WHAT IS EXPECTED = Output the run of lines that opens with the first line of the material below and closes with the line containing "10月19日信达证券组合专刊", both included, and drop the pictures.

DATA FOR PROCESSING =
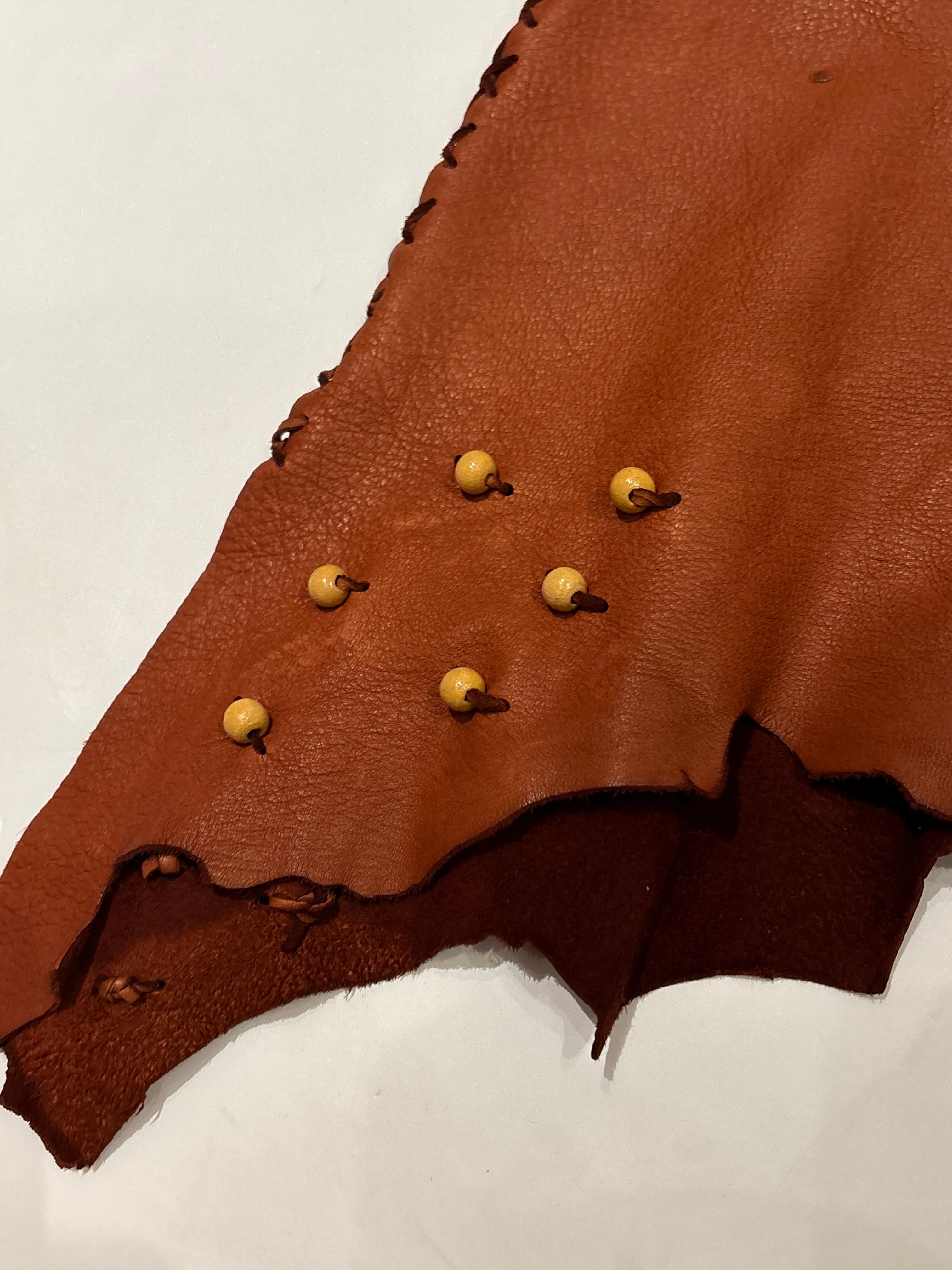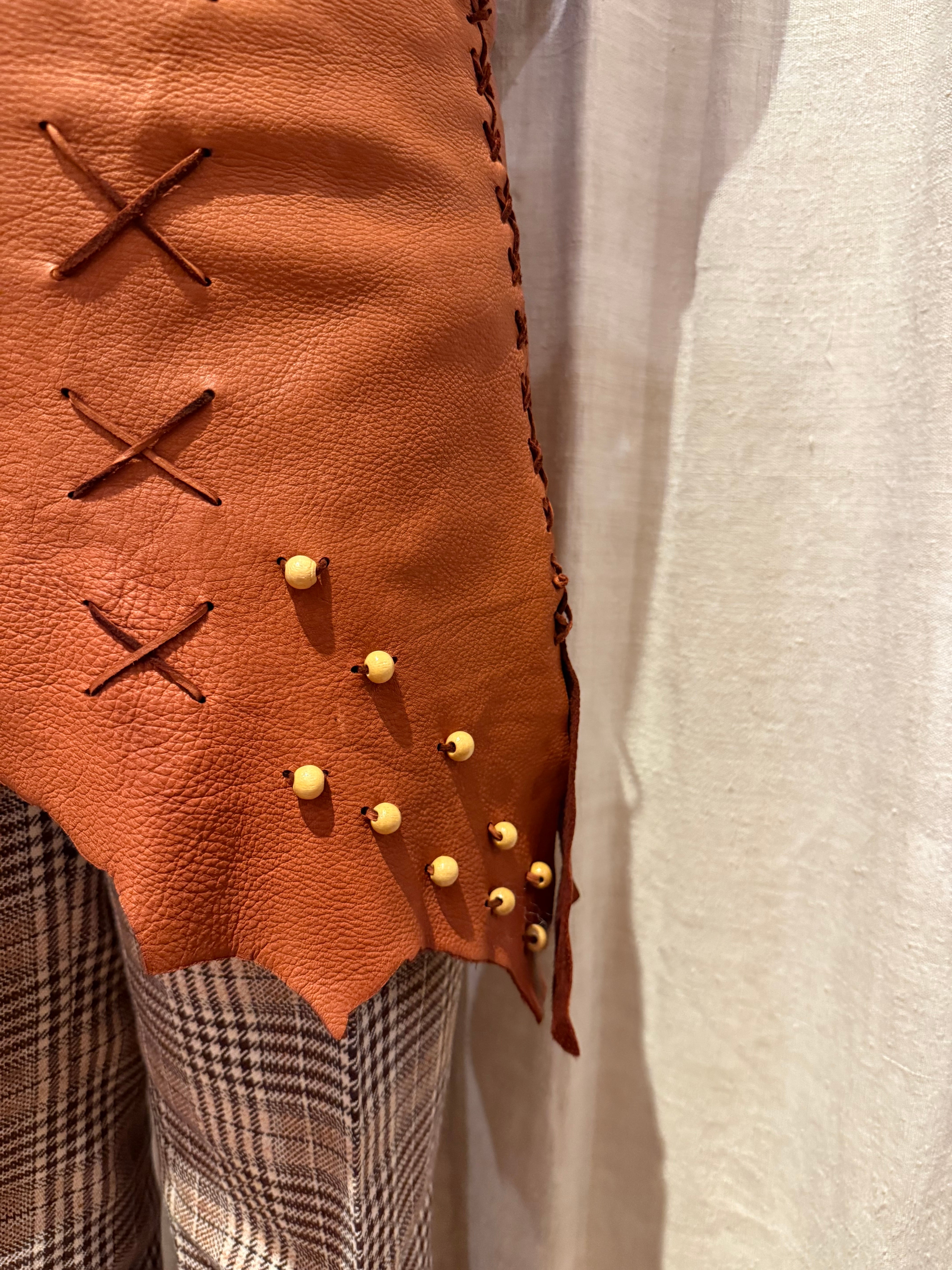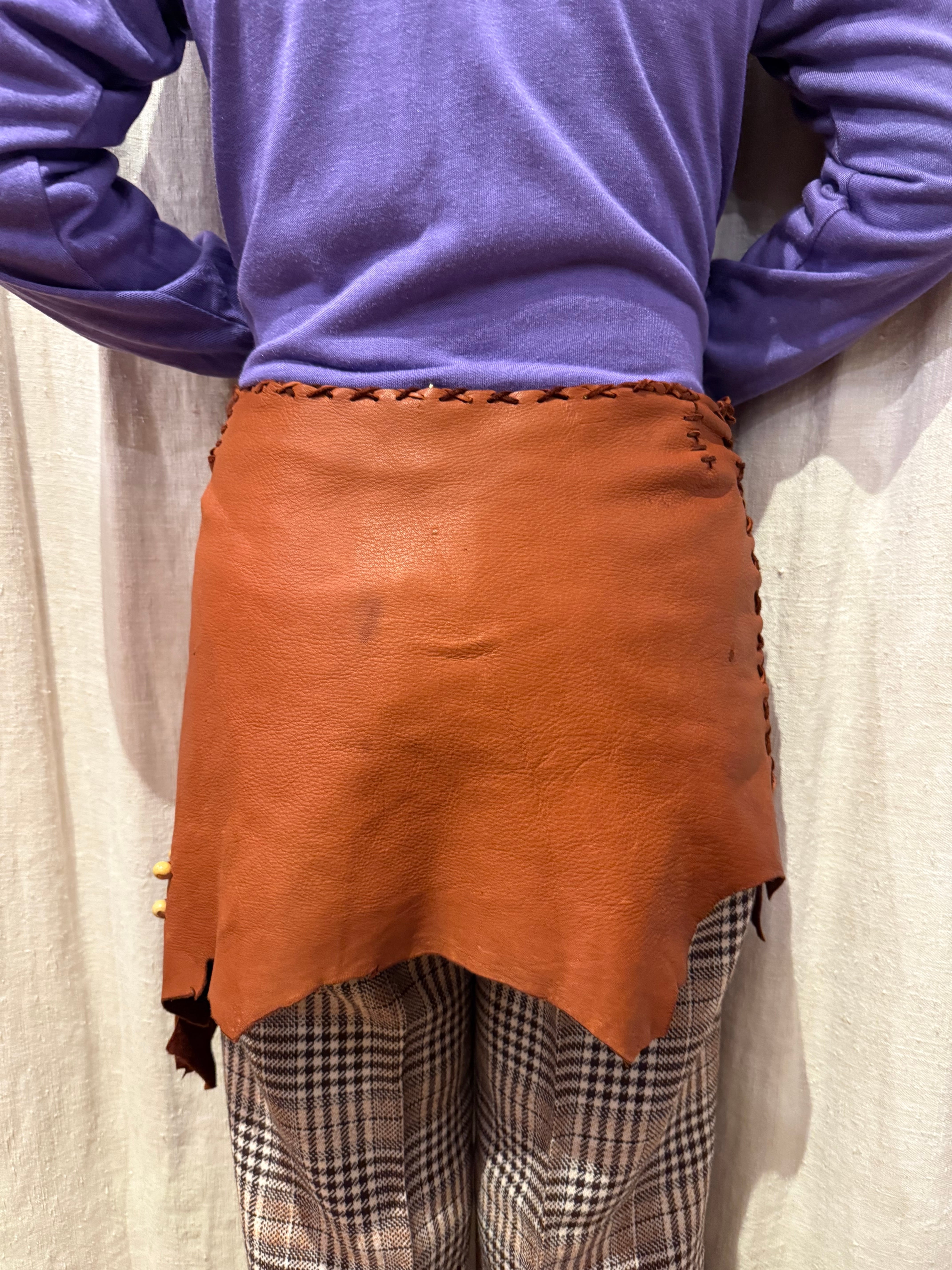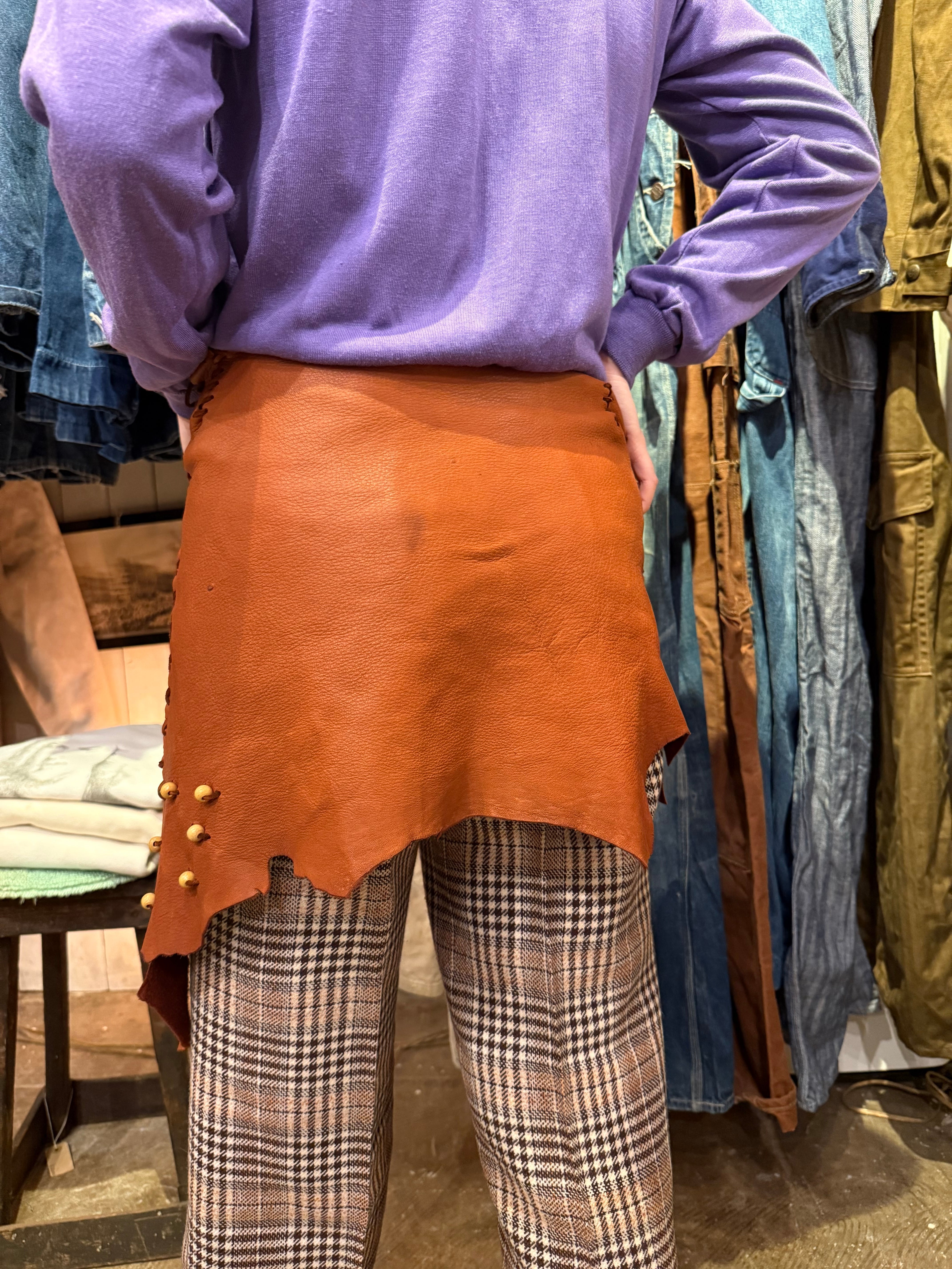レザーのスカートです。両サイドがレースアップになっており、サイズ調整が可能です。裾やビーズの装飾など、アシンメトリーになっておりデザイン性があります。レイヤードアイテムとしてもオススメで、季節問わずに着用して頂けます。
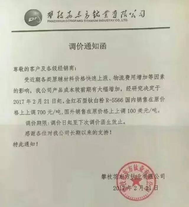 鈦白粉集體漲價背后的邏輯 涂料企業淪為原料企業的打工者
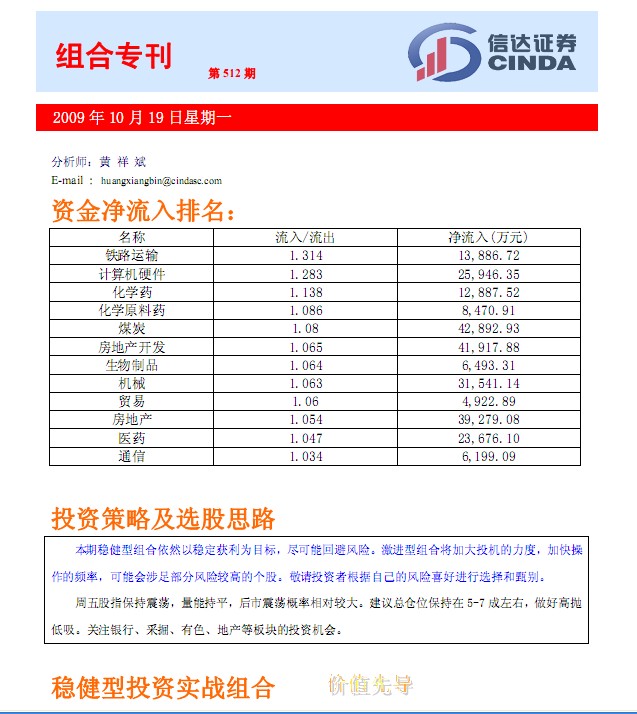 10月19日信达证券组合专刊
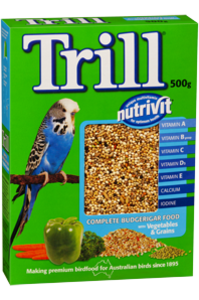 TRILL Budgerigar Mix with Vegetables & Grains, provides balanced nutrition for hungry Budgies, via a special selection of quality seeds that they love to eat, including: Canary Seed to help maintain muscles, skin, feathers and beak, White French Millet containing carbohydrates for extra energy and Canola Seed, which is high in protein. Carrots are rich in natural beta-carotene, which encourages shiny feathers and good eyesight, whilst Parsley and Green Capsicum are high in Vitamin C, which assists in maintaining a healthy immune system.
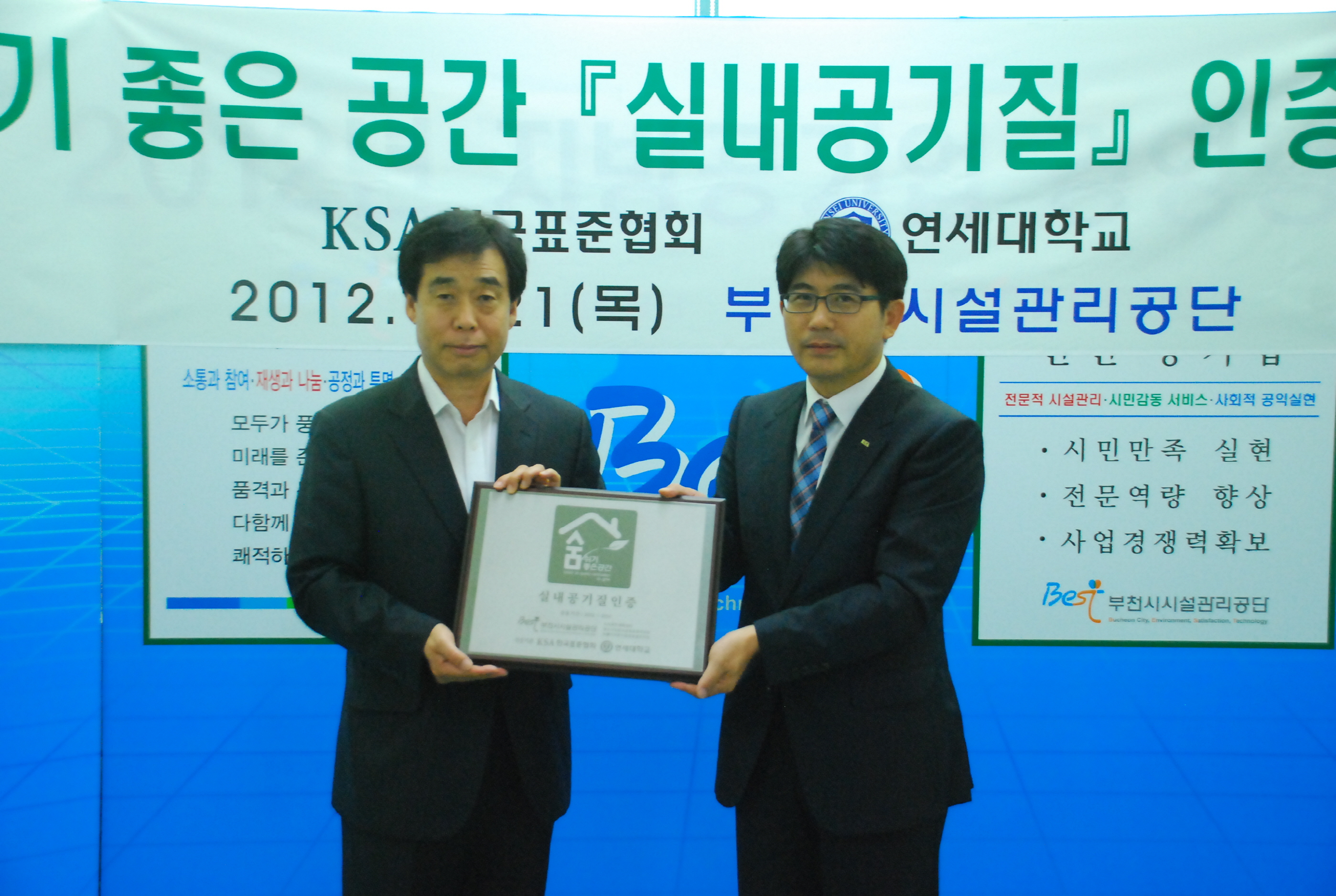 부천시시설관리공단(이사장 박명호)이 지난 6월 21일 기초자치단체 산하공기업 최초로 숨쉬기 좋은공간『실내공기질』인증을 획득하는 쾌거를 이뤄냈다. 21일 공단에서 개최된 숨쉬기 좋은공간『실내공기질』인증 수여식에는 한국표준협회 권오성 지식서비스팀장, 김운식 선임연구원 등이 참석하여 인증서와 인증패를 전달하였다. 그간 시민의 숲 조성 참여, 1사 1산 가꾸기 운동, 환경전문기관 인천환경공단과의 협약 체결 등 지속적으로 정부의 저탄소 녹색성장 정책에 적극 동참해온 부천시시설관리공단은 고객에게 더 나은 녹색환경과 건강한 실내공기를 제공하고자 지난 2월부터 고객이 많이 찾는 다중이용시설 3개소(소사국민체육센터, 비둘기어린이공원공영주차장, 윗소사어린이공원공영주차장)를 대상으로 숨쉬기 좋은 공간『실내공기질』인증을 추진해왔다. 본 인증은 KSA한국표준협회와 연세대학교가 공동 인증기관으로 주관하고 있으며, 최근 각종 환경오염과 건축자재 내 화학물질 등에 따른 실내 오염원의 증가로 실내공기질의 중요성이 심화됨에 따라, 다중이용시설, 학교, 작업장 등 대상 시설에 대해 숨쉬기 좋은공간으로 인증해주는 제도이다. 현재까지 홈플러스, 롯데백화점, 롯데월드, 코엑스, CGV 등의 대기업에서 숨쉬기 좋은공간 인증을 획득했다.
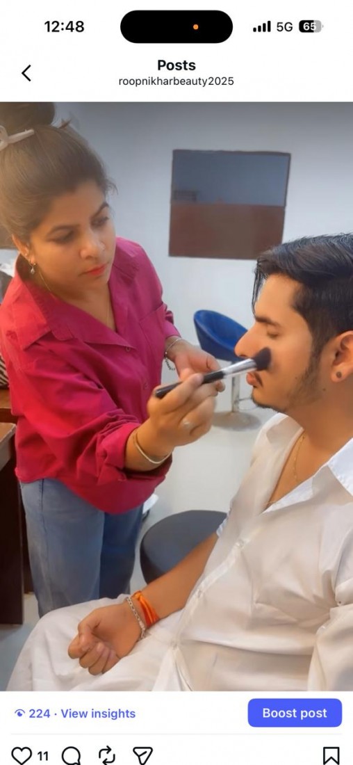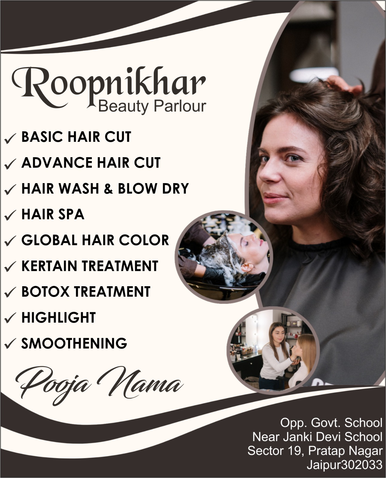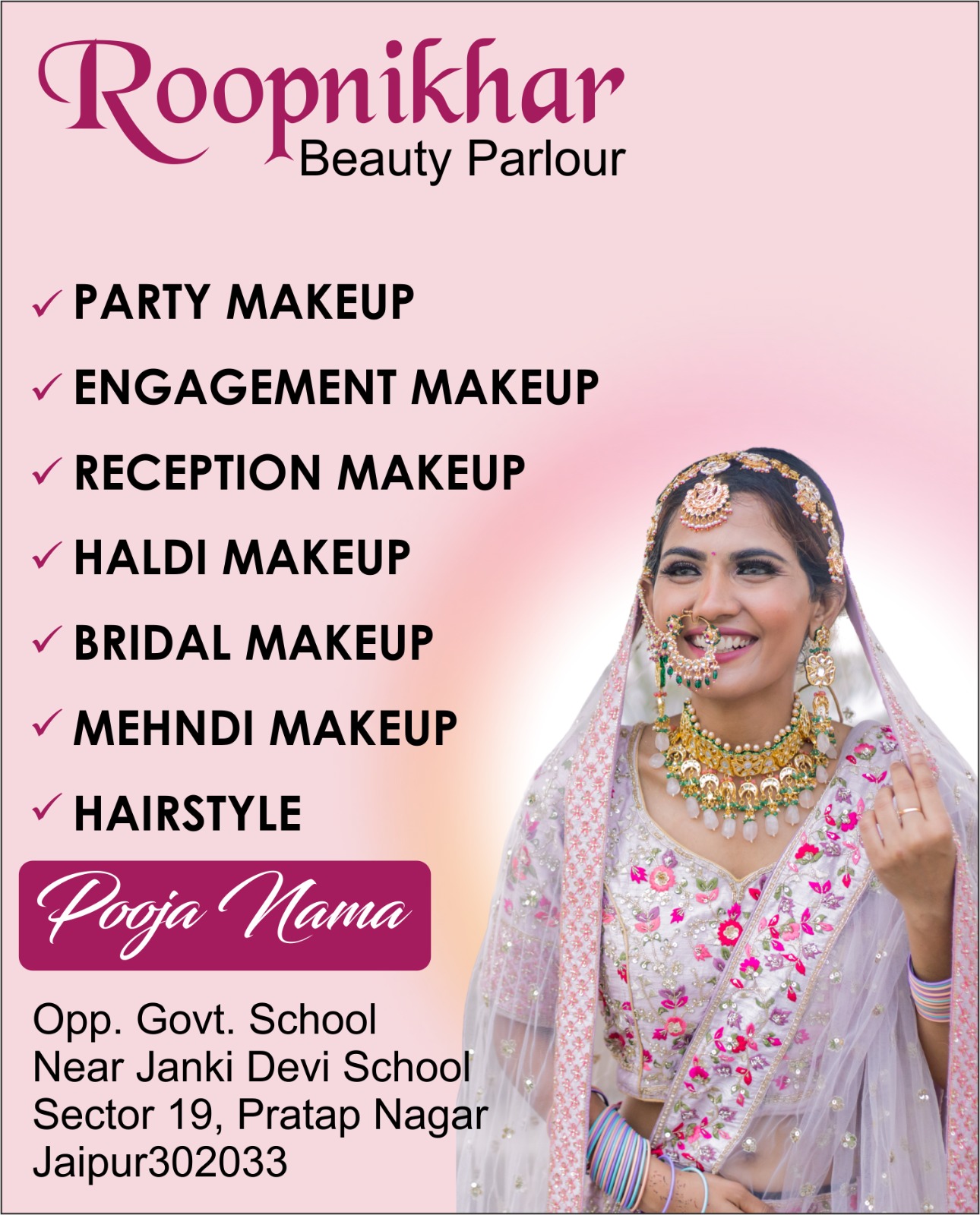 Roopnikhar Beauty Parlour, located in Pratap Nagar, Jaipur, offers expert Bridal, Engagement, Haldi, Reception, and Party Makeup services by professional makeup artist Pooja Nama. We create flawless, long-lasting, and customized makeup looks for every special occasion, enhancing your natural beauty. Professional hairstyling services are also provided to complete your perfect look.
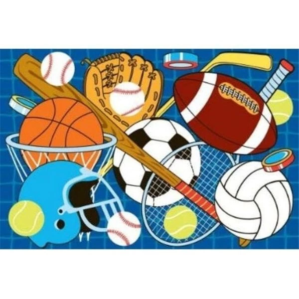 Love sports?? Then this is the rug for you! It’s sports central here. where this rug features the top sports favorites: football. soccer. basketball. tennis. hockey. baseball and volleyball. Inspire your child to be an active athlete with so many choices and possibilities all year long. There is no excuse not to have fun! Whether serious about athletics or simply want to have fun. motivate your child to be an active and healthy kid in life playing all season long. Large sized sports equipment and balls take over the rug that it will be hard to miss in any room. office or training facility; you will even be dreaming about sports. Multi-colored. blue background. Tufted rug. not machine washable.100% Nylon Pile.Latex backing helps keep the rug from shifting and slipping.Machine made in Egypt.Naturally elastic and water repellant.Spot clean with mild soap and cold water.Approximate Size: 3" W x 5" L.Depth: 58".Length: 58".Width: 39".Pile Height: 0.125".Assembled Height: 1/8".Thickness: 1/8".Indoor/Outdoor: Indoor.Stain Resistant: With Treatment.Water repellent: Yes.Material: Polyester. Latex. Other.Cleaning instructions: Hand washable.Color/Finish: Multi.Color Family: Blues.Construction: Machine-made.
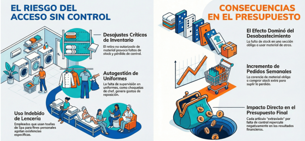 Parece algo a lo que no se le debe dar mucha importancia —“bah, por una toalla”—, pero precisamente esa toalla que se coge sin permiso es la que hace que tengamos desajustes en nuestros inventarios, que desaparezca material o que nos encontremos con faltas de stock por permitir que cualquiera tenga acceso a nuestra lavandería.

WRITTEN SOLUTION =
レザーのスカートです。両サイドがレースアップになっており、サイズ調整が可能です。裾やビーズの装飾など、アシンメトリーになっておりデザイン性があります。レイヤードアイテムとしてもオススメで、季節問わずに着用して頂けます。
 鈦白粉集體漲價背后的邏輯 涂料企業淪為原料企業的打工者
 10月19日信达证券组合专刊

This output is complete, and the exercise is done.